# How does consistency imply that a heuristic is also admissible?

A heuristic function $h (n)$ is...

• Consistent if the estimated cost from node $n$ to the goal is no greater than the step cost to its successor $n'$ plus the estimated cost from the successor to the goal.
• Admissible if $h(n)$ never overestimates the true cost to the goal state.

The textbook for my Artificial Intelligence course states that consistency is stronger than admissibility but does not prove it, and I'm having trouble coming up with a mathematical explanation.

To proof the statement in your question, let us proof that consistency implies admissibility whereas the opposite is not necessarily true.
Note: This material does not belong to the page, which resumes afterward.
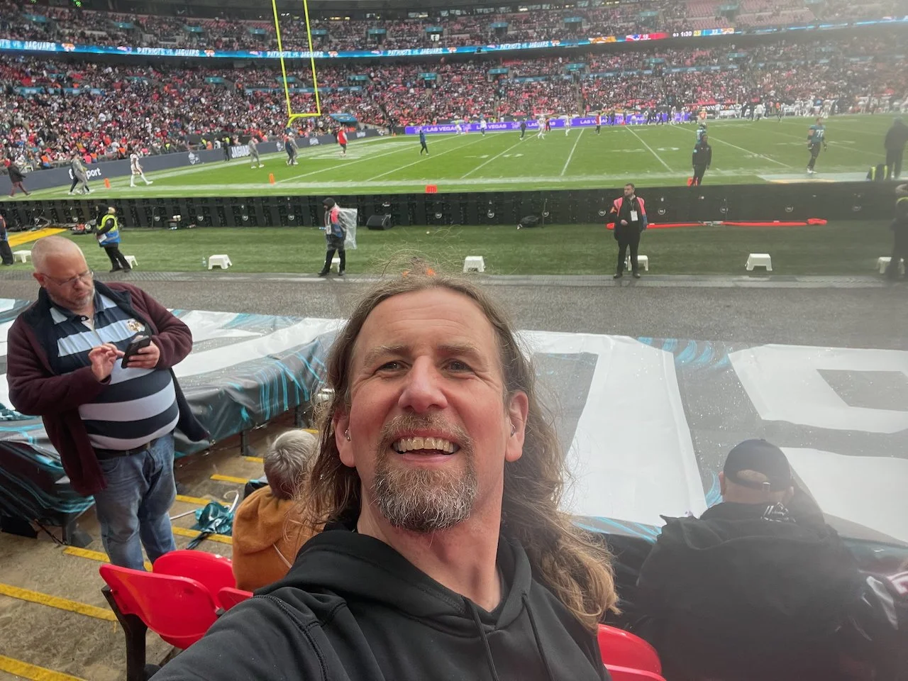 Additionally, in these busy times; especially with the work I do, I like to look after myself and I’m grateful for the flexibility my businesses have given to me. I’m a runner – I run at least three marathons a year; I ride motorcycles (in particular, my 1990 Yamaha FJ1200) and I’m also a PADI Open Water qualified scuba diver. I’m massively interested in American Football and have been lucky for the last couple of years to work with the Jacksonville Jaguars NFL team that play one of their home games at Wembley every year. Last year, I was lucky enough to get tickets for the game thanks to my awesome design client.

This would make consistency a stronger condition than the latter.

Let me start by emphasizing that $h(t)=0$ if the heuristic function $h$ is admissible (where $t$ is a goal) since edge costs are assumed to be non-negative and thus, the optimal cost from one node to itself is necessarily 0. This certainly holds in case the heuristic function is admissible but we want to proof that consistency necessarily implies admissibility. For this, let us assume further that $h(t)=0$ for any goal ---and this fact will be used in the base case below.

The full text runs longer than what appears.